What if Bob closed the app? WebSocket is disconnected, but messages must arrive. Push Notification is needed.
// Check online status when delivering message
async function deliverMessage(userId, message) {
if (onlineUsers.has(userId)) {
// Online: Send via WebSocket
const ws = connections.get(userId);
ws.send(JSON.stringify(message));
} else {
// Offline: Send push notification
const deviceToken = await db.getDeviceToken(userId);
await sendPushNotification({
token: deviceToken,
title: message.senderName,
body: message.text,
data: {
roomId: message.roomId,
messageId: message.id
}
});
// Increment unread count in DB
await db.incrementUnread(userId, message.roomId);
}
}
When app reopens, check unread count and fetch history.
// On app launch
async function onAppLaunch() {
const unreadRooms = await db.getUnreadRooms(userId);
for (const room of unreadRooms) {
// Fetch messages after last read
const newMessages = await getMessages(
room.id,
{ after: room.lastReadMessageId }
);
displayMessages(newMessages);
}
// Reconnect WebSocket
connectWebSocket();
}
That's how Slack and Discord work. Instant if online, push notification + history sync if offline.
Chat systems aren't just about WebSocket connections. Here's the summary:
1. Connection Method: Evolved from Polling → Long Polling → WebSocket. For bidirectional real-time, WebSocket is optimal.
2. Delivery Guarantees: Go with at-least-once, but client must deduplicate.

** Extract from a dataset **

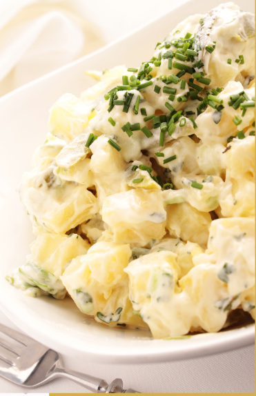 Peel the skins from the potatoes and cut into large diced pieces. Transfer the warm potatoes to a large mixing bowl and sprinkle with the white vinegar and stir. Allow the potatoes to cool, about 15 minutes. Add the celery and green onions. Chop 4 of the hard boiled eggs and add to the potato mixture.

ACK and retry logic are essential.
3. Group Chat: Solve fan-out with Redis Pub/Sub, filter to online users only to reduce write amplification.
4. Online Status: Verify with heartbeat (ping/pong), build read receipts and typing indicators on top.
5. Message Storage: Recent in Redis cache, old in DB. Handle 90%+ requests from cache.
6. Scaling: With multiple servers, use sticky session or Redis state sharing. Pub/Sub for inter-server communication.
7. Offline: When WebSocket drops, send push notification, sync history on app restart.
The biggest lesson: Real-time systems must consider not just "people currently connected" but also "people who just left or will soon join." State boundaries are fuzzy, networks drop anytime. Creating reliable experience on top of this uncertainty is the essence of system design.
Making water come out of a faucet is easy. Building a system that reliably supplies water to an entire city 24/7 is a completely different problem. Chat was exactly the same.